Sunday, June 13, 2010

A Turkey of a Policy


Elliot Abrams
The Weekly Standard
Vol. 15, No. 38
Week of 21 June '10

The Gaza flotilla incident is not over. American demands for some “international role” in investigating Israel’s conduct (but not, it seems, Turkey’s) and for a new system of getting humanitarian aid to Gaza will be imposed on Israel one way or another before the episode will be behind us. But however they play out, this incident clarified several major trends in the region—all of which are dangerous for the United States and for our allies in the Middle East.

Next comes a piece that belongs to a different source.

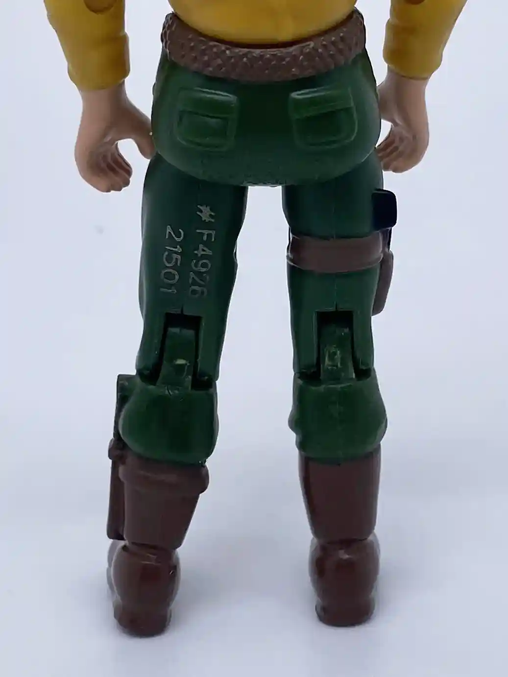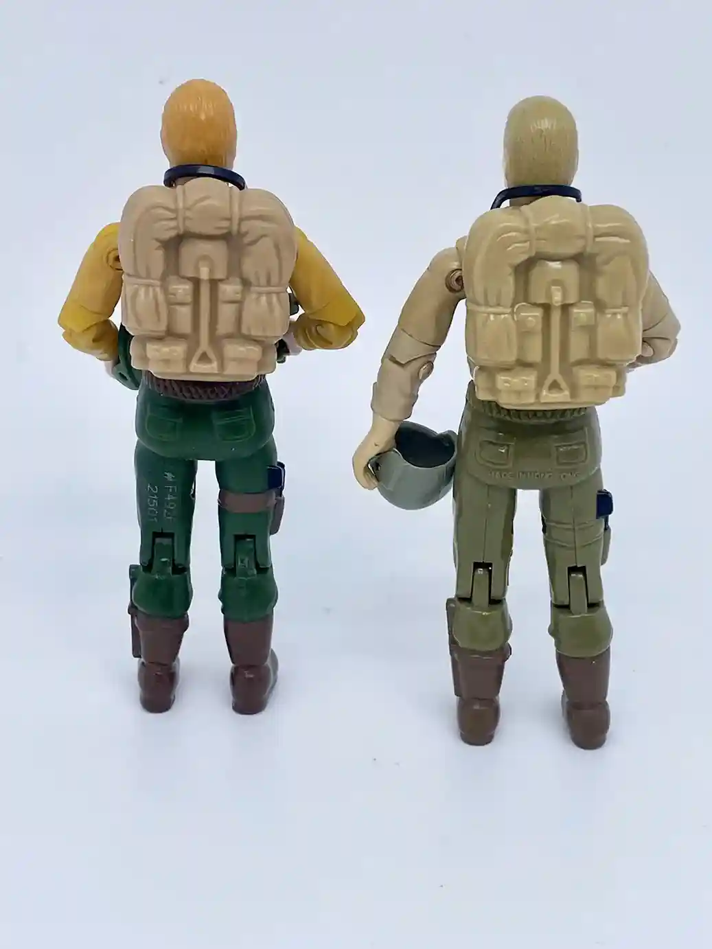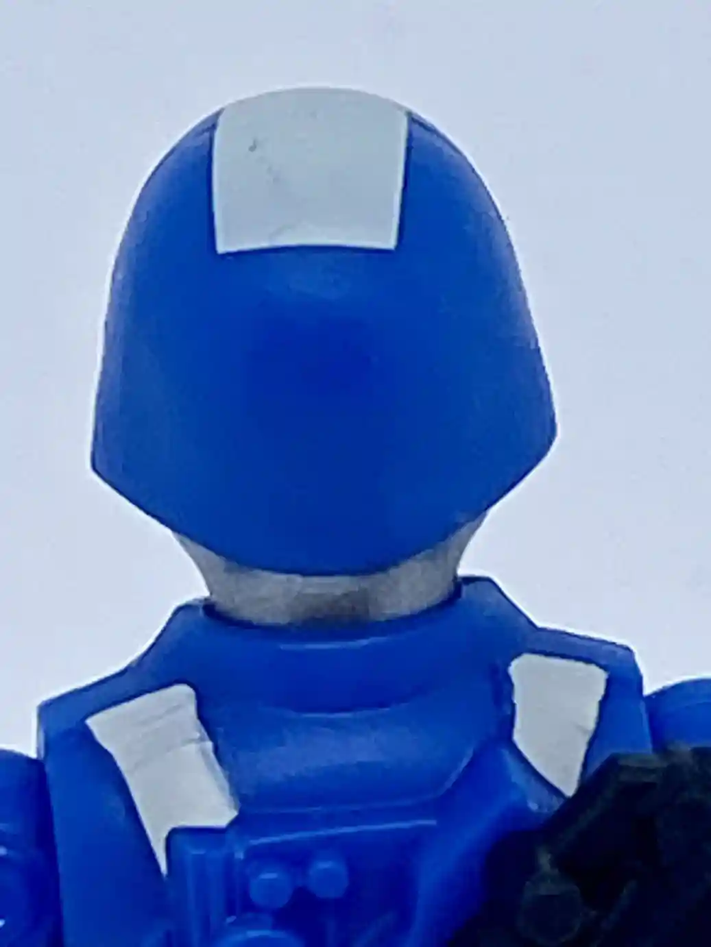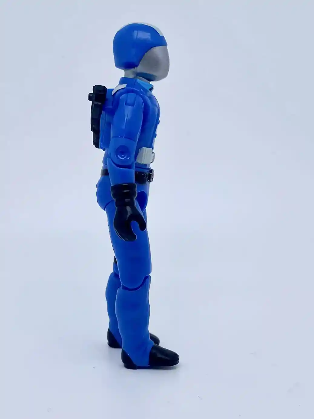 His back features the same molded hair dryer gun stow away feature as the vintage figure and has some molded accents. You can also see some white backpack straps painted on his shoulder and waist areas.

First, it’s obvious that our formerly reliable NATO ally Turkey has become a staunch supporter of the radical camp. In the flotilla incident, it not only sided with but also sought to strengthen the terrorist group Hamas—a group that is anathema not just to the United States and Israel, but to the governments of Jordan and Egypt. The recent photo of Turkish prime minister Recep Tayyip Erdogan with Mahmoud Ahmadinejad and Bashar Assad in Damascus is an emblem of this change, and Turkey’s work to undermine U.N. sanctions against Iran shows its substance. Turkey’s U.N. Security Council vote against the newest round of sanctions this past week put it in Iran’s camp against Europe, the United States, Russia, and China. That’s quite a realignment for a NATO ally.

Perhaps even worse is Turkey’s push to turn the Israeli-Palestinian conflict into a religious war. A column in the leading Istanbul newspaper Hurriyet well described the new Turkey:

As for the images from Turkey that were reflected across the globe following last week’s incident, it was a purely Islamic one, with headscarved and turbaned protestors chanting Islamic slogans under Islamic banners, and invoking the name of Allah for days on end in front of Israeli missions in this country.